I headed home on Friday in the midst of a storm; the sky was purple-black, there was thunder and lightning, and mothball sized hail falling with pings on my car.  I took it slow because my car is like a soda-pop can on wheels.  Slow driving means more think-time.  I reflected on the past two weeks – some of the worst I’ve had teaching.  But the changes I had made over the past week had created a better environment in my classroom and I was feeling good on that slow, slushy drive.

I don’t think I am dissimilar from other teachers who are so vested in their work that a crummy day becomes a total assault on my psyche.  Robyn Jackson, in her book, Never Work Harder Than Your Students, suggests that teachers have metaphors they use about teaching and that we should pay attention to these metaphors because they are indicators of the role we see for ourselves.  I know I’ve used gardening metaphors when I’ve written about my role as a teacher but I’m not sure I really see the children as little plants that I nurture with tender care.  I know that my students need more than just a great environment and loving care to thrive. 

I feel my classroom is a place where there are forces of nature at work.  Some of those forces are the students themselves – whether they be stormy little hurricanes or sweet summer breezes, they move about the classroom with impact.  The force that I am in the classroom is sometimes as gradual as water over rocks, changes I will never be able to account for.   At other times the students and staff come together in a climate of wind, water, and waves – creating new frontiers.

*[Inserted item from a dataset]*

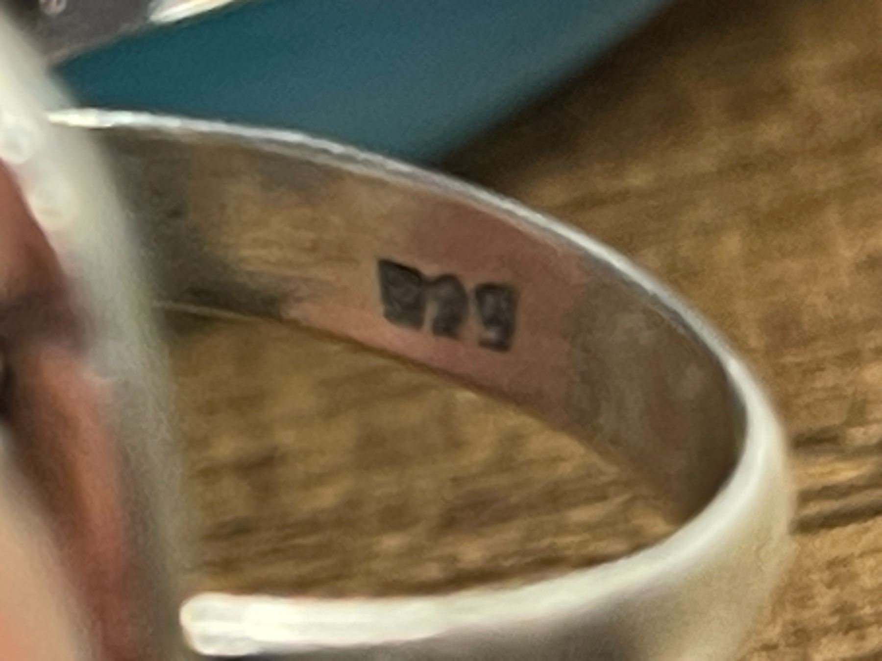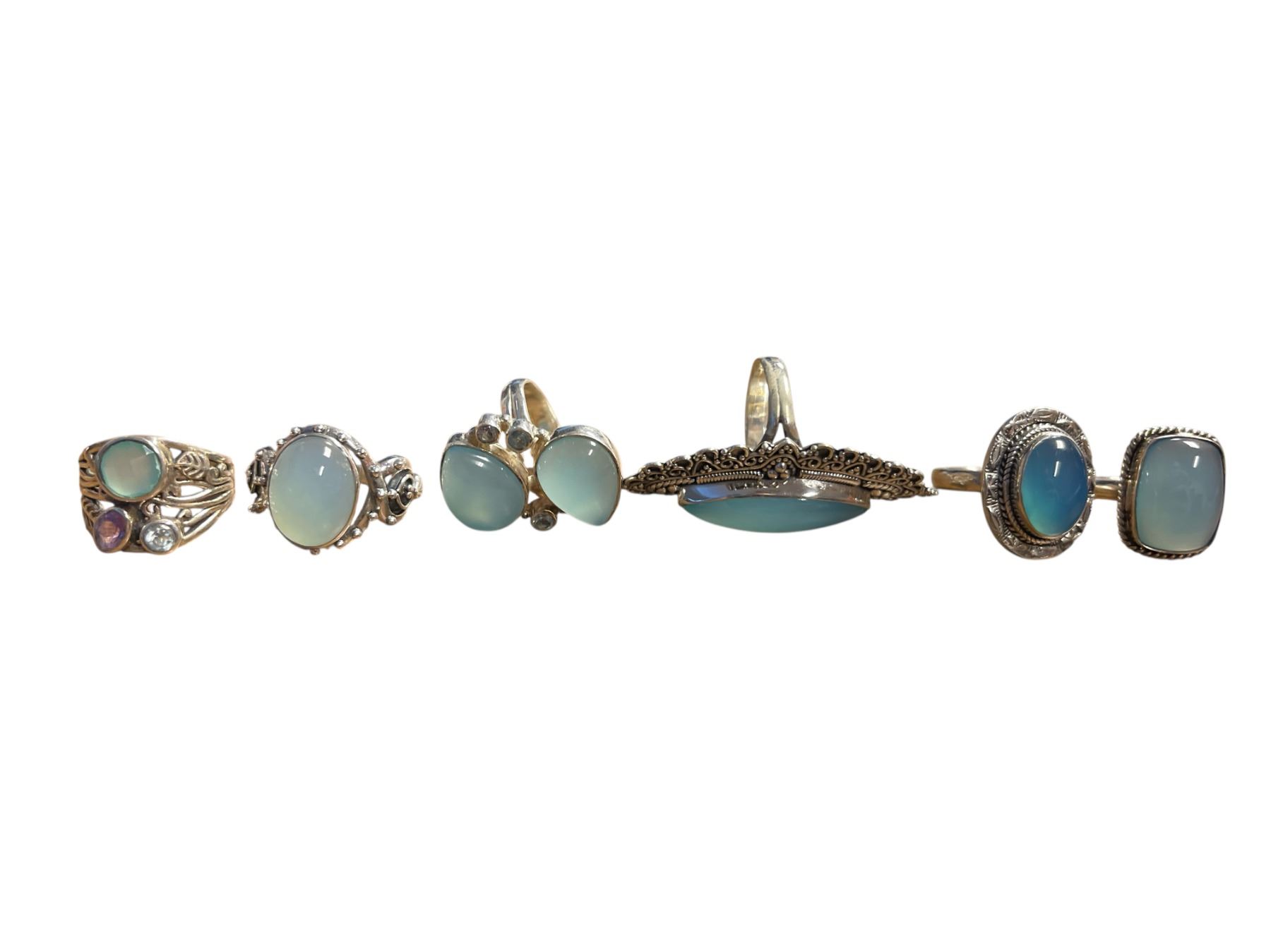 6 New Blue Chalcedony Rings in Silver Settings - all stamped .925 (longest ring is 50 mm) Total weight: 56.4 grams

It can be exciting to be a storm chaser.  But sometimes it is overwhelming and I’d like to be able to turn it all over to the weather channel!  

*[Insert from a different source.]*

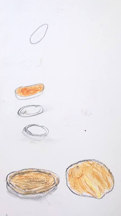 Beaucoup ont dessiné la graine en traçant d'abord un contour noir puis en remplissant l'intérieur en jaune, des tentatives de représentation en volume ont émergées.

It is a new frontier to have preschoolers in an elementary school.  Their needs are somewhat like our most involved special ed students in that preschoolers don’t have all the behaviors we expect of school age children.  We can model and explain the expectations but they aren’t always developmentally appropriate for 3-5 year olds and a preschooler may need special supports.  The teacher in the preschool classroom is that number one support. 

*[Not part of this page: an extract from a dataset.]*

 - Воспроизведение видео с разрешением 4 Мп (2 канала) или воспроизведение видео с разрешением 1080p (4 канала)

So I guess that explains why I often feel it is all up to me but I am getting better at looking to all the resources available to me.   There are other early childhood educators, paraprofessionals, my principal, the parents of my students, traditional resources in books and on the internet.  Thank goodness I’ve developed the tenacity to try to get to the bottom of issues when they crop up. That is part of my own personal nature.